Tenants in Common and Care Costs
Planning to move into a care home and leaving behind a family home and all the familiarity that entails, can be stressful for many. The move is a reluctant but necessary one and is often made all the more stressful and upsetting through having to sell a much-loved family home to pay for care home fees. In some cases, you can get an amount of funding from a local council, but the thresholds for determining your financial worth are very low and often mean that the family home has to go.
But is it necessary to move into a care when unable to look after yourself anymore? We tend to assume it is and that there are no alternatives, but that simply isn’t the case.
It’s not surprising then that people look for alternatives; how to fund care while still protecting the family home. One way to do this is to pay for live-in care instead. Of course, that still costs money but it is possible to use some of the equity in your home to do this and still leave plenty for a partner of for family members to inherit.

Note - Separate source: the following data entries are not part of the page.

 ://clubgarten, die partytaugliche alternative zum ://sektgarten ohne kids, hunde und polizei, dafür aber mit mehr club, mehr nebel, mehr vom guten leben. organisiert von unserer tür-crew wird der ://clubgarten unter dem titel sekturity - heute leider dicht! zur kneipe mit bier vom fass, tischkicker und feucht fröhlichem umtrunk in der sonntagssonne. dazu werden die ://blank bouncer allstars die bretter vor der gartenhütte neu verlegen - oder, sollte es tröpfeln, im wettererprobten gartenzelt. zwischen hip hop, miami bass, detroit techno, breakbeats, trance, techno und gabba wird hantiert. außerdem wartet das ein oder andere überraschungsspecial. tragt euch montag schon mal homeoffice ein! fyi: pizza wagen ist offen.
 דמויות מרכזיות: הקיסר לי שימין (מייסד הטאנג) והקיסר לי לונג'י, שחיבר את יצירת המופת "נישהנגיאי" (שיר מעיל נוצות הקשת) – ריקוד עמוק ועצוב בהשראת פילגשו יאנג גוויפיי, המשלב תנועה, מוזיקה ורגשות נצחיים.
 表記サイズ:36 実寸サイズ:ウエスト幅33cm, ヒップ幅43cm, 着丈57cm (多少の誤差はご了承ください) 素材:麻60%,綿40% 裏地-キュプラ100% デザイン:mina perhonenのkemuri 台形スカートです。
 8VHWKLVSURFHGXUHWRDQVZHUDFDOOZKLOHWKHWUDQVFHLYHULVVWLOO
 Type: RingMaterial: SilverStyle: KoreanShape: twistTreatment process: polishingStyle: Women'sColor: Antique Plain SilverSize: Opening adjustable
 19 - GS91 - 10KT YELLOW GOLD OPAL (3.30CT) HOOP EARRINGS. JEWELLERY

Other options could include placing your property in trust or transferring ownership of the family home to children but these both constitute a legal minefield and can often have unintended consequences.
A little known method of avoiding having to sell your home to pay for care home fees is to change the ownership of it to tenants in common.

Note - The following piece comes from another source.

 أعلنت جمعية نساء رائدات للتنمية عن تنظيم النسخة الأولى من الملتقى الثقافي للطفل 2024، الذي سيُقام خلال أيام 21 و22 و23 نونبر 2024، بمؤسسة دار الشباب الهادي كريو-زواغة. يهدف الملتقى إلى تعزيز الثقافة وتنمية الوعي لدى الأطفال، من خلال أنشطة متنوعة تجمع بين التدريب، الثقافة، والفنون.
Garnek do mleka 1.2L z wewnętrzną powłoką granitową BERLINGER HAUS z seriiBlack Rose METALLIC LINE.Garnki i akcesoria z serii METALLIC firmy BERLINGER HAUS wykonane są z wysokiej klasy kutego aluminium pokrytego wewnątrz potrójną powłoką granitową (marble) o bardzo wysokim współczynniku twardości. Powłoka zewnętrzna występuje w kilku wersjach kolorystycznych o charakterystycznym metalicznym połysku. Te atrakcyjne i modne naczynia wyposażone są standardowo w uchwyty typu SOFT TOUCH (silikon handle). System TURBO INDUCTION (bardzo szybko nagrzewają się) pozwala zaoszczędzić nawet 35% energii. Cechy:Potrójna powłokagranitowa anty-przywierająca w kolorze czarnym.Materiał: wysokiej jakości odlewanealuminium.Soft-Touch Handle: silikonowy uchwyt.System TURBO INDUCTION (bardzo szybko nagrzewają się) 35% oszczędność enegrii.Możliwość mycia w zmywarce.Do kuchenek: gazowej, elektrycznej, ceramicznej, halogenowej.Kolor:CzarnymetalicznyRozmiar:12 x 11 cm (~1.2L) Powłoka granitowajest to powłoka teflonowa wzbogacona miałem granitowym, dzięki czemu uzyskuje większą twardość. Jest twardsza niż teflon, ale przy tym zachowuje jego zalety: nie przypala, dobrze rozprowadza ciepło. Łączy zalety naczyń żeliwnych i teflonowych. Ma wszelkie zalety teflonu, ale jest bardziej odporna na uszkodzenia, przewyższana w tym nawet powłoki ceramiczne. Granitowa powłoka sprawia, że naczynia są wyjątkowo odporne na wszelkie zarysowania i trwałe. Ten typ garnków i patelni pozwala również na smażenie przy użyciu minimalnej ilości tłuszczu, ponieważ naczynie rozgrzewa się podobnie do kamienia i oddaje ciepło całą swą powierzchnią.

What does ‘tenants in common’ mean?
This refers to people who co-own a property where each owns a specific share of the property. Most often it will be two people who each own 50% of the property although there may be instances where more than two people are tenants in common or tenants can hold unequal interests in the property.
What you need to do
If you and a spouse, partner or other co-owner of the property decide to convert your ownership to tenants in common the first thing you must do is engage the services of a properly qualified solicitor who is fully experienced in property law and you can find one through the Society of Trust and Estate Practitioners.

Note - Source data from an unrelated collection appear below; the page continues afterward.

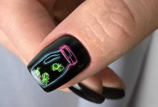 Черное золото. Еще один интересный праздничный и яркий Нейл-арт. Основа — черный цвет и золото. Элегантно и экстравагантно. Идеально для длинных или квадратных с закругленными кончиками. Такой вариант трендовых ногтей не нуждается в дополнительных украшениях. Хорошо подходит для создания вечернего образа.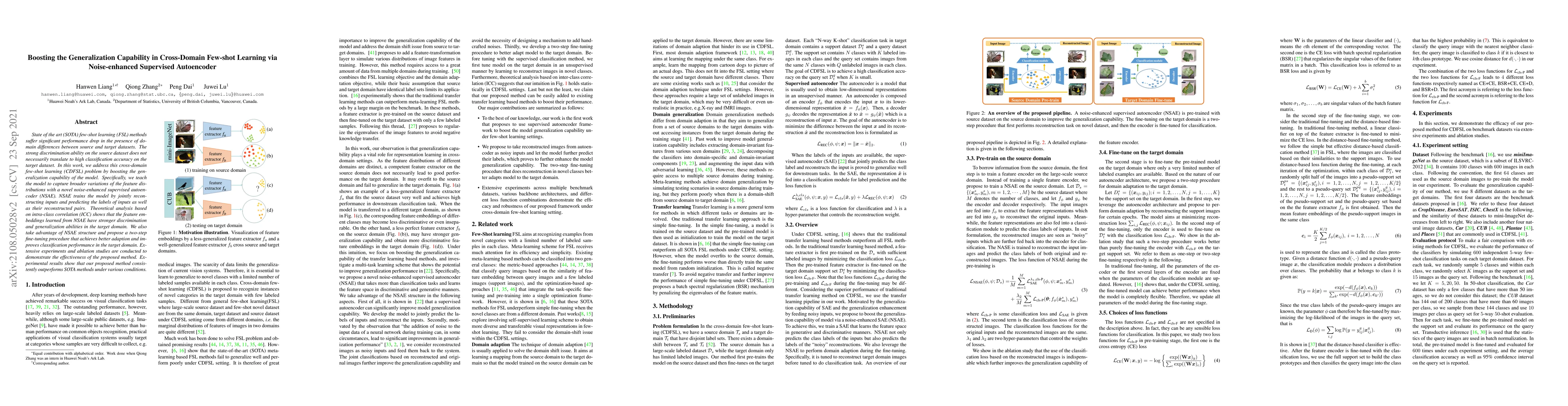 This paper proposes a new method to improve few-shot learning performance across different domains by using a noise-enhanced supervised autoencoder. It achieves better results than state-of-the-art methods in various conditions.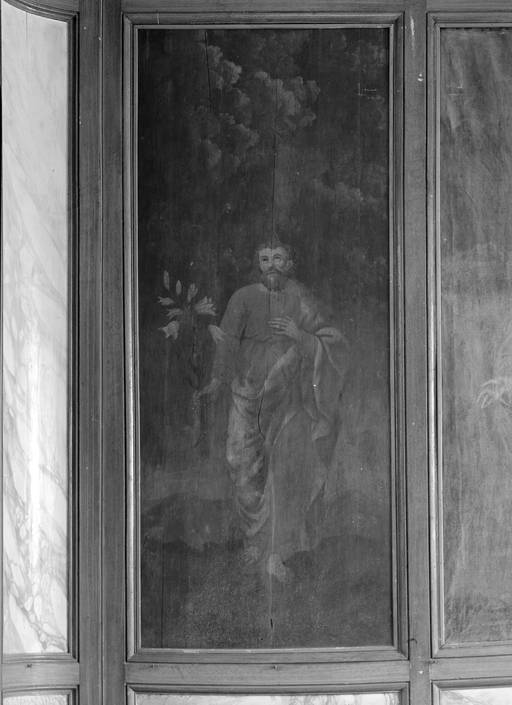 Inscription peinte au dessus des 3 toiles : AUTEL PRIVILEGIE A PERPETUITE. BREF DE S.S.LEON XIII 15 NOVEMBRE 1878 ; Inscription peinte au bas des panneaux : ST JEAN EVANTE ; PERE MAUNOIR ; STE FRANÇOISE VEUVE ROMAINE ; ST BONIFACE ; ST MATHIEU EVANTE.

When you become tenants in common you will be able to leave your share of the home to anyone in your will. Your will effectively provides a ‘flexible life interest’ for your spouse or partner which ensures that on your death your share of the property is held in trust and gives them the right to carry on living in the property until their death.
What is the advantage?
Should your surviving spouse or partner have to go into care, any local authority means test could only take into account the value of their share of the property when assessing how much they would have to pay for their care. In this case the value of their share could even be assessed as nil because it would be very unlikely that the property would be of saleable interest to anyone, meaning the whole value of the property could be excluded from a means test assessment.
A better alternative
Whatever you decide to do with regard to paying for later life care, remember that care homes are not the only option. Independent research from the not-for-profit organisation The Live-in Care Hub has shown that people are healthier and happier staying in their own homes and being cared for by a professional carer who either lives in or visits for several hours each day. And it is financially comparable to care home fees.